General-purpose benchmarks
To ensure our domain specialization did not compromise general capabilities, we evaluated AstroSage-Llama-3.1-8B across a comprehensive suite of standard language model benchmarks. These include IF-EVAL25 (instruction following), BBH26 (binary hypothesis testing), MATH27 (mathematical reasoning), GPQA28(graduate-level science questions), MUSR29 (real-world decision-making scenarios), and MMLU-PRO30 (an expanded version of MMLU with more challenging reasoning questions). As shown in Fig. 4, our CPT+SFT model (green, initialized from the Llama-3.1 base model) initially performed below the Llama-3.1 instruct model (purple) on five out of the six non-astronomy benchmarks. This was expected, given that Meta’s proprietary SFT dataset for their instruct model likely far exceeds what is feasible for an academic research group to reproduce. The merging procedure, pulling in only 25% of its weight from Meta-Llama-3.1-8B-Instruct, allowed us to recover much of this performance deficit.

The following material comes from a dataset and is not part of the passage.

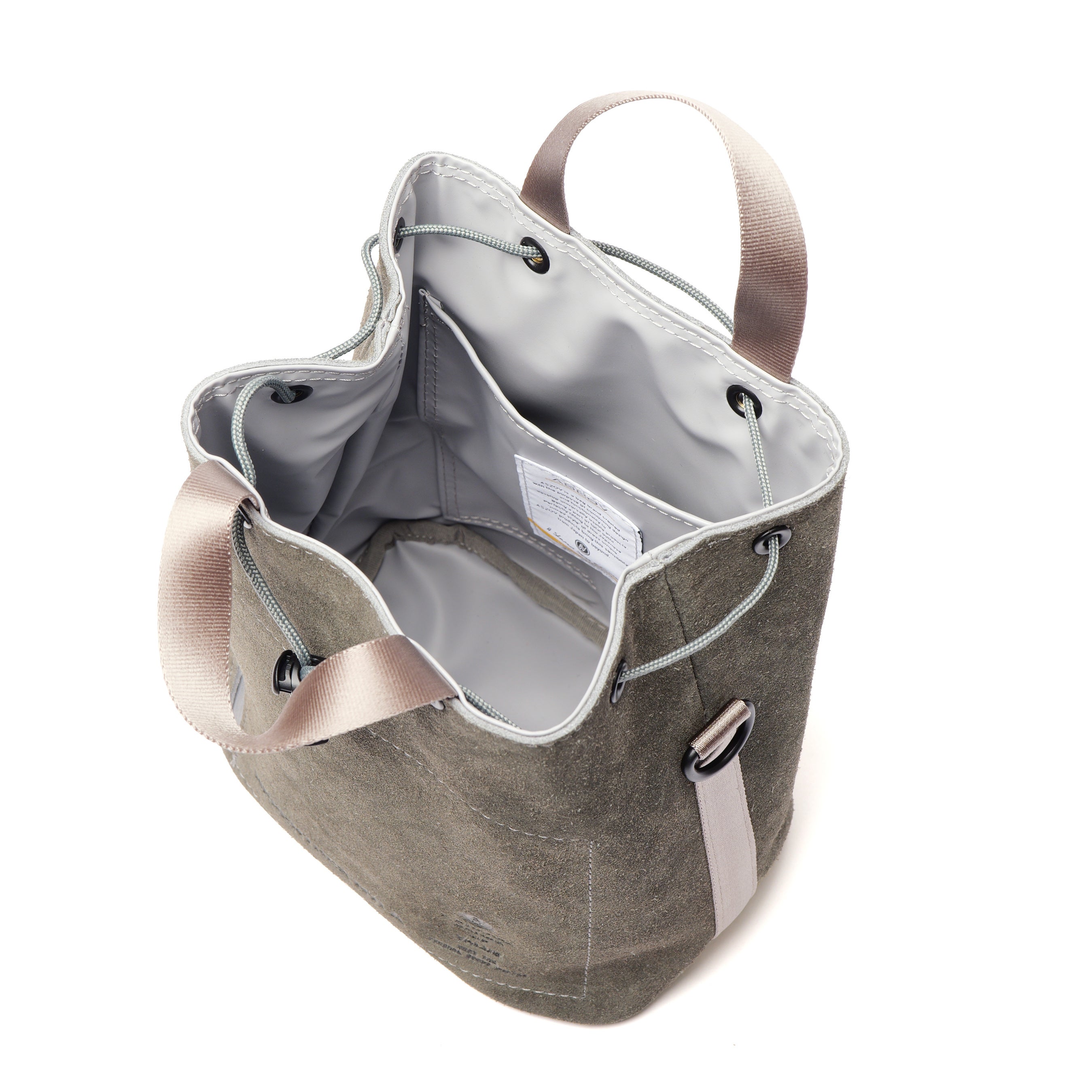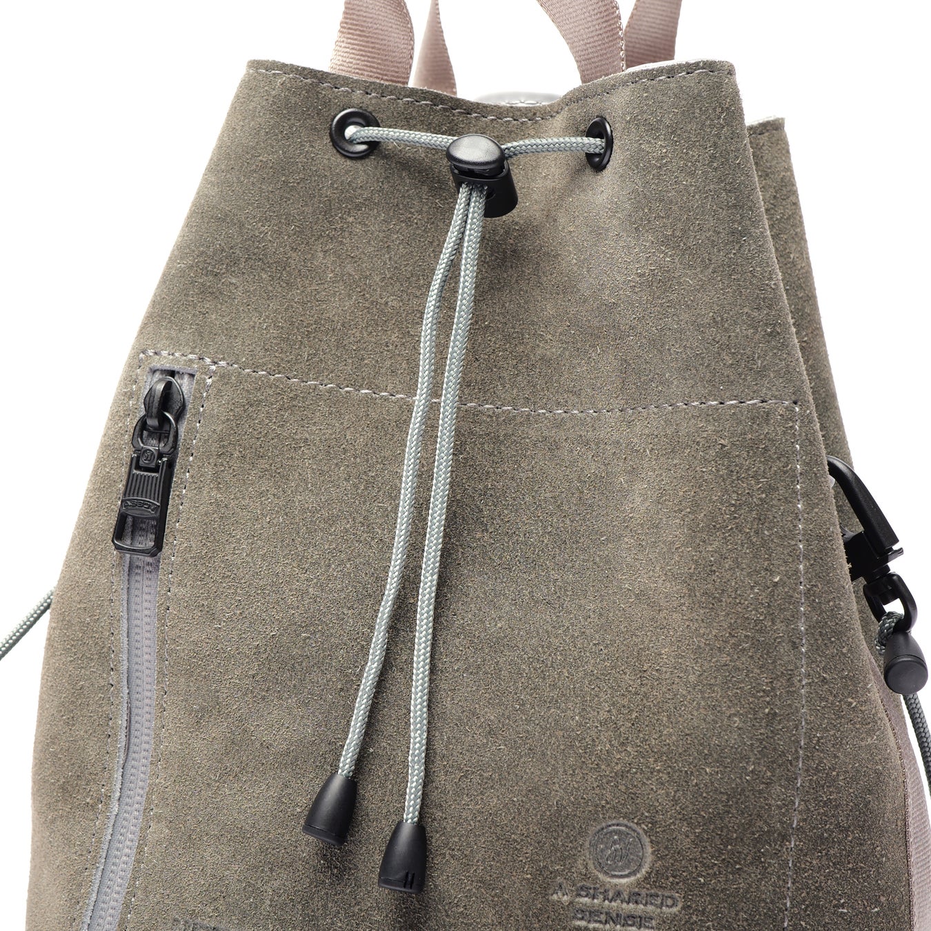 ショルダー肩部分はスエードパーツになっているため、荷物の重さも軽減してくれます。 ワンアクションで長さの調整ができるパーツのついたドローコードは今回の生地に合わせたカラーに。気分や着用シーンに合わせて様々なかたちでバッグをお楽しみいただけます。

Crucially, this performance recovery through model merging did not compromise AstroSage-Llama-3.1-8B’s astronomical expertise-it maintained its 8-point improvement (representing more than 100-fold increase in cost-effectiveness) on astronomical Q & A tasks while largely preserving capabilities across most general benchmarks. The only notable performance decrease occurred in IF-EVAL, which tests instruction following. This limited decline is unsurprising, as instruction following remains one of the more brittle capabilities in language models and likely heavily depends on the proprietary training data used in Meta’s instruct model. In fact, when comparing AstroSage-Llama-3.1-8B to BAAI/Infinity-Instruct-7M-Gen-LLaMA3 1-8B, the latter shows an even more severe performance deficit, highlighting how our refined training strategy and expanded SFT dataset represent crucial improvements. Ultimately, our model merging approach successfully preserved most general capabilities without sacrificing the gained astronomical expertise. This balance is essential, as it enables AstroSage-Llama-3.1-8B to engage in natural conversations and assist with broader tasks while excelling in astronomy-specific applications.
Human blind rankings
Simultaneously with8, we performed a blinded preference ranking of AstroSage-Llama-3.1-8B against Meta-Llama-3.1-8B-Instruct. Fifteen questions were written about diverse areas of cosmology, spanning layperson to professional-level difficulty. Independent evaluators compared responses from AstroSage-Llama-3.1-8B and Meta-Llama-3.1-8B-Instruct, with both models receiving identical system prompts tailored to the cosmology context.
Responses were presented in randomized order to the evaluators, who rated their quality without knowledge of the source. The evaluation involved three evaluators, who preferred the AstroSage-Llama-3.1-8B answers in 73% of cases, reflecting a statistically significant preference for AstroSage-Llama-3.1-8B.